To test if the use of two T1w acquisitions had an effect on dMRI metric values shown to be significantly different between groups (MK, RK, and MD) we conducted paired t-tests on data from 11 participants (9 ASD, 2 TD) that had both T1w acquisitions. For each of the 11 participants, image processing and registration to diffusion space was done separately for both T1w acquisitions and dMRI metrics were subsequently compared in the 68 ROIs delineated by the Desikan–Killiany atlas82. We found that T1w acquisition had no significant effect on RK or MK metrics (p > 0.05 for all comparisons) and minimal effect on MD metrics with no overlap between the ROIs affected by the T1W protocol and those shown to have significantly different MD in between-group comparisons (Supplementary Table 3).

Statistical analyses

Primary analyses used analysis of covariance (ANCOVA) tests controlling for age to first compare diffusion metrics (MK, AK, RK and MD) across the four anatomically defined cortical lobes (frontal, parietal, temporal, and occipital), and then secondarily across the 68 cortical sub-lobar GM ROIs delineated by the Desikan–Killiany atlas82 using SPSS 20.0 (IBM, Armonk, NY).

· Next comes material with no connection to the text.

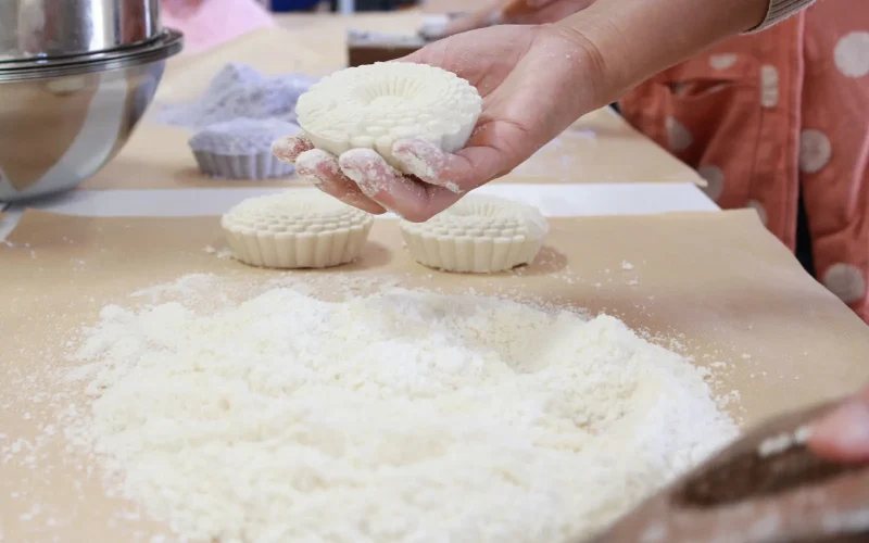 簡単にやってのけるおじいちゃんの真似をしてみてもそう上手くはいきません。米粉と砂糖、水飴が混ざった粉は思っていたよりも重く、木型に入れるのも時間がかかり、押し込むのにもかなりの力が要ります。全体重をのせてグググっと力を押すと「うん、いいね。取り出してごらん。」とおじいちゃん。そばで見守ってくれていたのだな、と嬉しくなりました。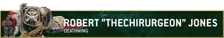 Dark Angels marines wear their company markings on their left kneepad. Deathwing marines instead use their left kneepad for squad and personal heraldry, often sporting designs with some special significance to the chapter and its history.

Although the two groups did not statistically differ in demographics (Table 1), DKI metrics have been shown to be sensitive to age24,34,35,36 and therefore age was included as a covariate in these analyses. Cohen’s d effect size was calculated to compare group means for each ROI analysis.

Pearson’s and Spearman’s correlations were used to explore the relationships between diffusion metrics that were found to show significant between-group differences (MK, RK, and MD) and ADI-R domain scores in ASD.

To account for multiple comparisons across the four cortical lobes and 68 cortical regions, we employed the Benjamini–Hochberg (BH) procedure52 to control the False Discovery Rate at 5%. Multiple comparison correction was applied first to (1) the 8 bilateral GM lobes, and then to (2) the 68 sub-cortical GM ROIs delineated by the Desikan–Killiany atlas. The Benjamini–Hochberg multiple comparison correction was performed on a single dMRI variable (MK, RK, AK and MD) at a time. Individual results were considered significant at BH q ≤ 0.05. Differences at p ≤ 0.05, uncorrected were considered to only reach trend-level and are listed in the tables and in the supplementary material.